Only the pictures are to be dropped; return all other data below exactly.

## Material provided
[Start of section]

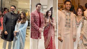 अभिषेक बच्चन और ऐश्वर्या राय भी शादी में पहुंचे। दोनों ने पैपराजी को पोज दिए और अभिषेक ने हाथ जोड़कर उनका धन्यवाद किया।
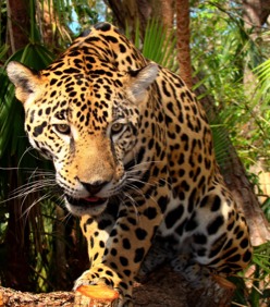 Jaguars have several adaptations that allow them to be one of the most successful creatures in the tropical rainforests. Firstly, jaguars have jaws and a large head equipped for piercing the skull of their prey with their canines. Unlike every other large cat, who attack at the neck, jaguars often kill their prey with a single bite to the back of the head. As the jaguar is extremely fast, together their attack method, their sharp teeth and claws, and their speed the jaguar is an unstoppable force on the forest floor. Another adaptation jaguars have is that they are primarily nocturnal, with high activity levels at dusk and dawn when the majority of the tropical rainforest species would be asleep. Another adaptation jaguars posses is the fact they are exceptional swimmers. Because tropical rainforests are usually full of flooded swamp areas, this adaptation comes in handy when they are trying to catch food or simply cool off. Jaguars also have a unique spotted pattern called rosettes which consists of a spot within a spot. This creates a phenomenal source of camouflage for the jaguar. Lastly, the jaguar has a long tail which keeps them balances when they are running, making sharp turns, and climbing, three uncommon things for a jaguar to do in the forest. Jaguars also have rough padded paws to help add traction when running and climbing.
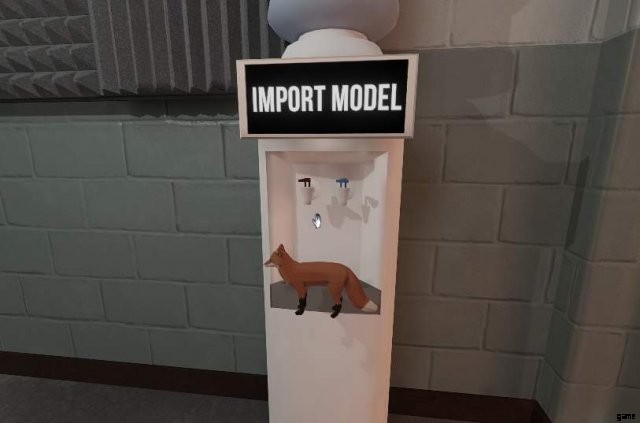 モデルをインポートするには、ウォーター クーラーをクリックします。これにより、モデル ファイルを見つけて開くことができるファイル ブラウザが表示されます。モデルはウォーター クーラーの前に表示され、ゲーム内のつかむことができるオブジェクトのように持ち上げて扱うことができます。
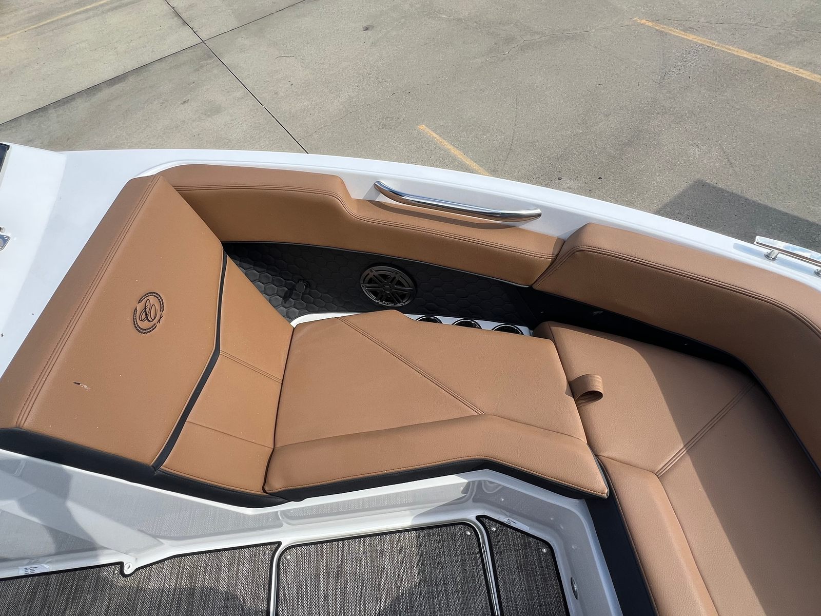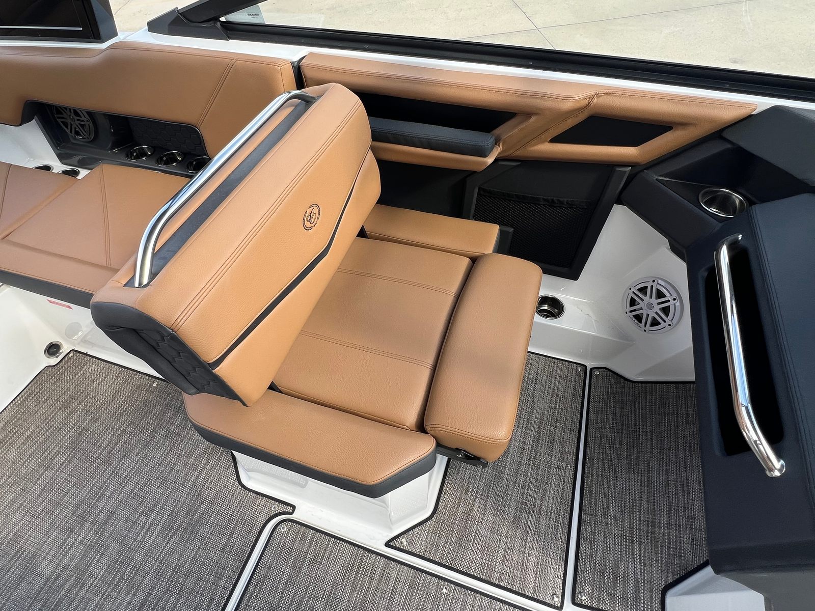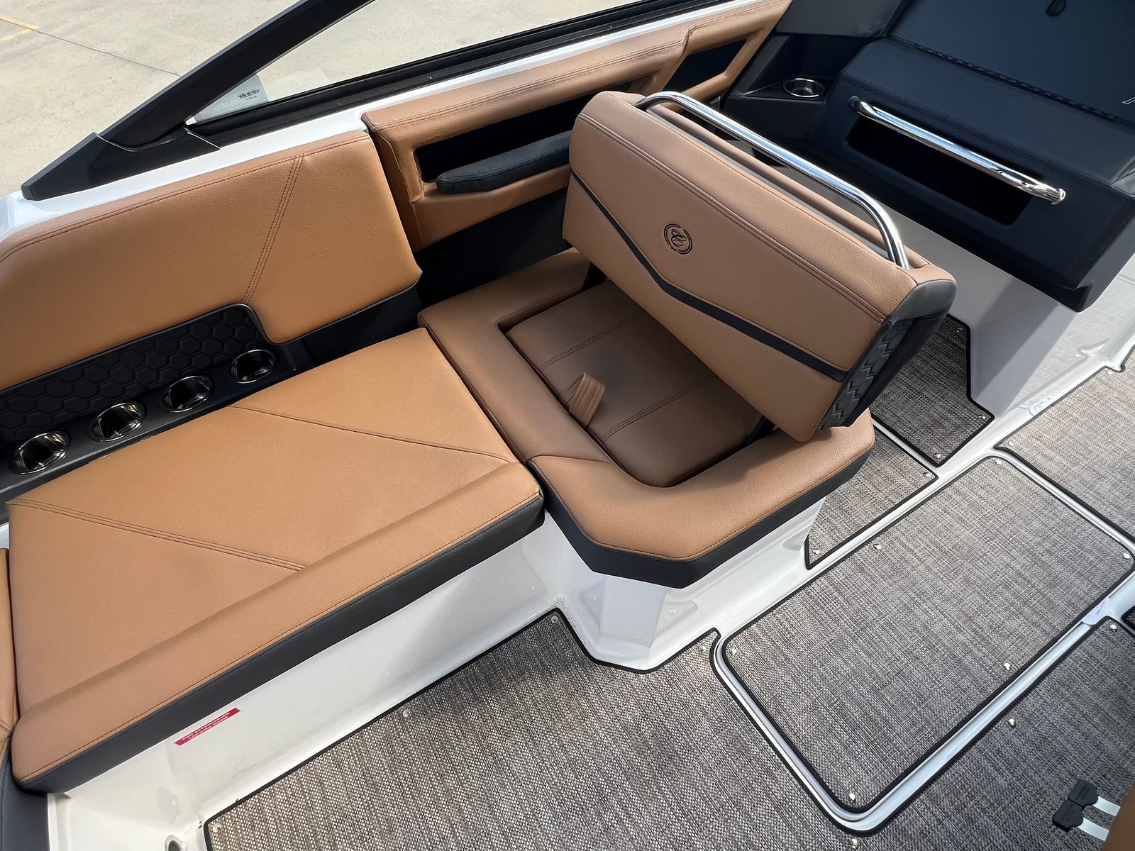 The Cobalt R4 Surf is as practical as it is luxurious. Its efficient engine and streamlined hull design make it easy to maneuver and dock, even in crowded marinas. The included fender clips and docking lights add an extra layer of convenience and safety, ensuring stress-free arrivals and departures. The battery maintainer/charger keeps your boat powered and ready, reducing downtime and maintenance hassles.Storage is ample, allowing you to bring along all the essentials for a day of fun—whether that means water sports gear, picnic supplies, or extra towels for swimming. The durable seagrass flooring stands up to wet feet and active use, while the spacious layout provides plenty of room for everyone to spread out and enjoy the ride. Fuel efficiency is a hallmark of the Volvo V8 350CE DP engine, so you can spend more time on the water and less time at the pump.

[End of section]

## Written response
 अभिषेक बच्चन और ऐश्वर्या राय भी शादी में पहुंचे। दोनों ने पैपराजी को पोज दिए और अभिषेक ने हाथ जोड़कर उनका धन्यवाद किया।
 Jaguars have several adaptations that allow them to be one of the most successful creatures in the tropical rainforests. Firstly, jaguars have jaws and a large head equipped for piercing the skull of their prey with their canines. Unlike every other large cat, who attack at the neck, jaguars often kill their prey with a single bite to the back of the head. As the jaguar is extremely fast, together their attack method, their sharp teeth and claws, and their speed the jaguar is an unstoppable force on the forest floor. Another adaptation jaguars have is that they are primarily nocturnal, with high activity levels at dusk and dawn when the majority of the tropical rainforest species would be asleep. Another adaptation jaguars posses is the fact they are exceptional swimmers. Because tropical rainforests are usually full of flooded swamp areas, this adaptation comes in handy when they are trying to catch food or simply cool off. Jaguars also have a unique spotted pattern called rosettes which consists of a spot within a spot. This creates a phenomenal source of camouflage for the jaguar. Lastly, the jaguar has a long tail which keeps them balances when they are running, making sharp turns, and climbing, three uncommon things for a jaguar to do in the forest. Jaguars also have rough padded paws to help add traction when running and climbing.
 モデルをインポートするには、ウォーター クーラーをクリックします。これにより、モデル ファイルを見つけて開くことができるファイル ブラウザが表示されます。モデルはウォーター クーラーの前に表示され、ゲーム内のつかむことができるオブジェクトのように持ち上げて扱うことができます。
 The Cobalt R4 Surf is as practical as it is luxurious. Its efficient engine and streamlined hull design make it easy to maneuver and dock, even in crowded marinas. The included fender clips and docking lights add an extra layer of convenience and safety, ensuring stress-free arrivals and departures. The battery maintainer/charger keeps your boat powered and ready, reducing downtime and maintenance hassles.Storage is ample, allowing you to bring along all the essentials for a day of fun—whether that means water sports gear, picnic supplies, or extra towels for swimming. The durable seagrass flooring stands up to wet feet and active use, while the spacious layout provides plenty of room for everyone to spread out and enjoy the ride. Fuel efficiency is a hallmark of the Volvo V8 350CE DP engine, so you can spend more time on the water and less time at the pump.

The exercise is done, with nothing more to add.